- Map of Cattaraugus and Chautauqua counties with NY 322 highlighted in red

Route information
- Maintained by NYSDOT
- Length: 4.70 mi (7.56 km)
- Existed: 1930–present

Major junctions
- West end: NY 83 in Villenova
- East end: US 62 in Dayton

Location
- Country: United States
- State: New York
- Counties: Chautauqua, Cattaraugus

Highway system
- New York Highways; Interstate; US; State; Reference; Parkways;
| ← NY 321 |  | → NY 323 |

= New York State Route 322 =

State highway in the Southern Tier of New York

New York State Route 322 (NY 322) is a state highway in the Southern Tier of New York in the United States. The western terminus of the route is at an intersection with NY 83 in Balcom Corners, a hamlet within the Chautauqua County town of Villenova. Its eastern terminus is at a junction with U.S. Route 62 (US 62) in the Cattaraugus County town of Dayton. In between, the route passes through the village of South Dayton.

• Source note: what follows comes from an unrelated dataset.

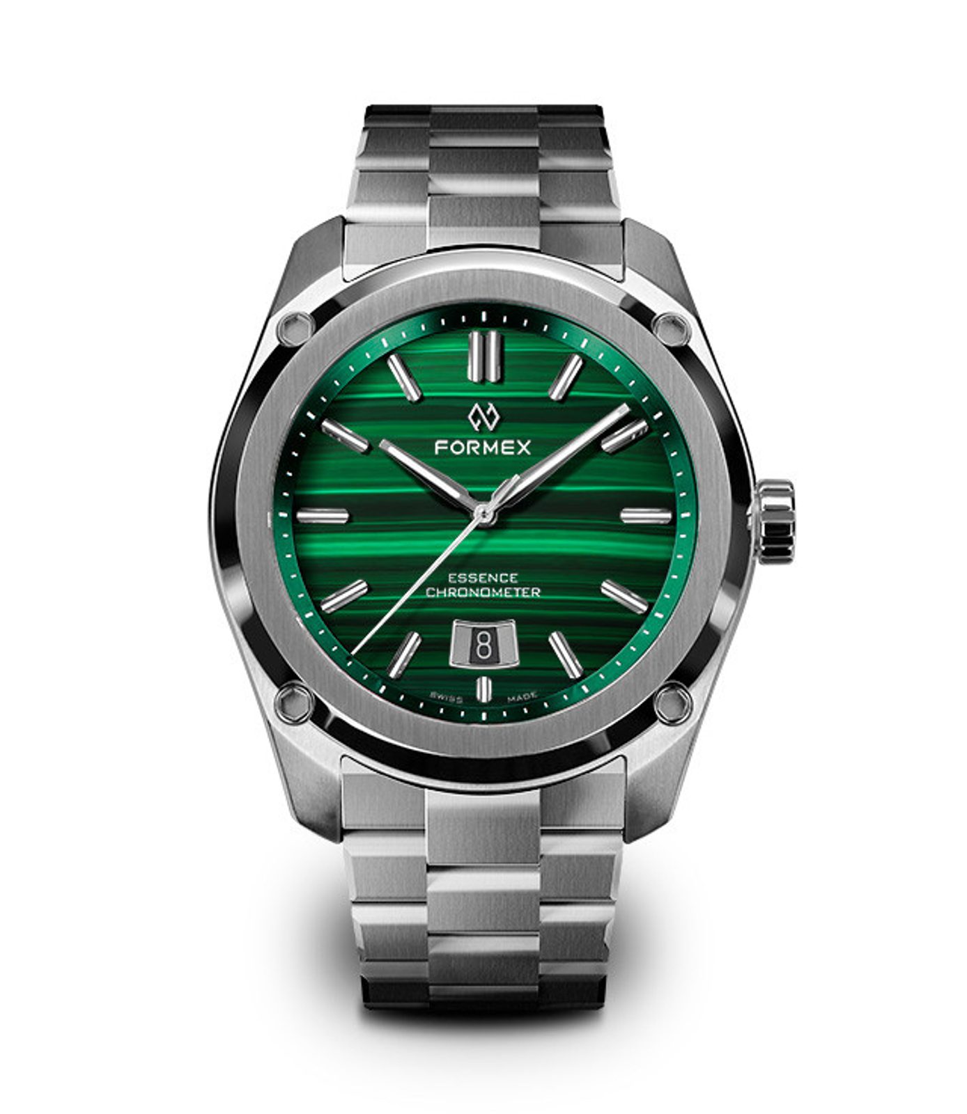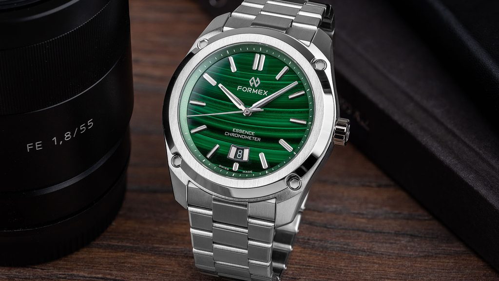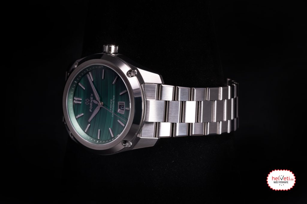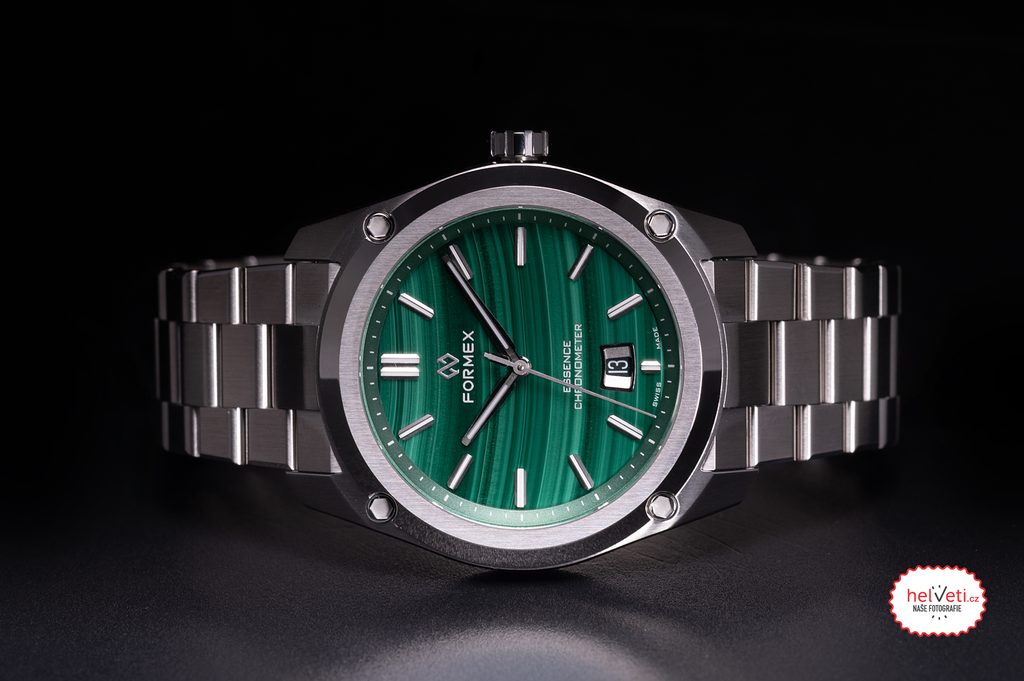 Švajčiarske hodinky Formex Essence FortyThree Automatic Chronometer Malachite Steel Bracelet na prvý pohľad zaujmú jedinečným malachitovým ciferníkom a výrazným kartáčovaným puzdrom s efektnými leštenými plochami. Ide o moderné poňatie univerzálnych hodiniek vhodných na každú príležitosť, ktoré sa vyznačujú jednoduchými líniami a skvelou prehľadnosťou. Vďaka celkovému súboru funkcií sú modely Formex Essence veľmi obľúbené u priaznivcov hodiniek.

NY 322 was assigned as part of the 1930 renumbering of state highways in New York to its current alignment. Originally, maintenance of the Cattaraugus County portion of the route was split between the village of South Dayton and the county, the latter of which co-designated the highway as County Route 3 (CR 3). The state of New York assumed ownership and maintenance of the Cattaraugus County segment in 1980 as part of a highway maintenance swap between the state, the county, and South Dayton.

==Route description==
NY 322 is classified by the New York State Department of Transportation as a rural collector road. It serves as a connector from NY 83 to US 62 by way of the village of South Dayton. Most of the traffic along the route is made up of non-commercial vehicles; trucks account for only nine percent of all traffic along NY 322. The roadway has an asphalt surface that is two lanes wide and varies in width from 21 ft to 22 ft. NY 322 travels through flat, open land outside of South Dayton and through residential areas within the village.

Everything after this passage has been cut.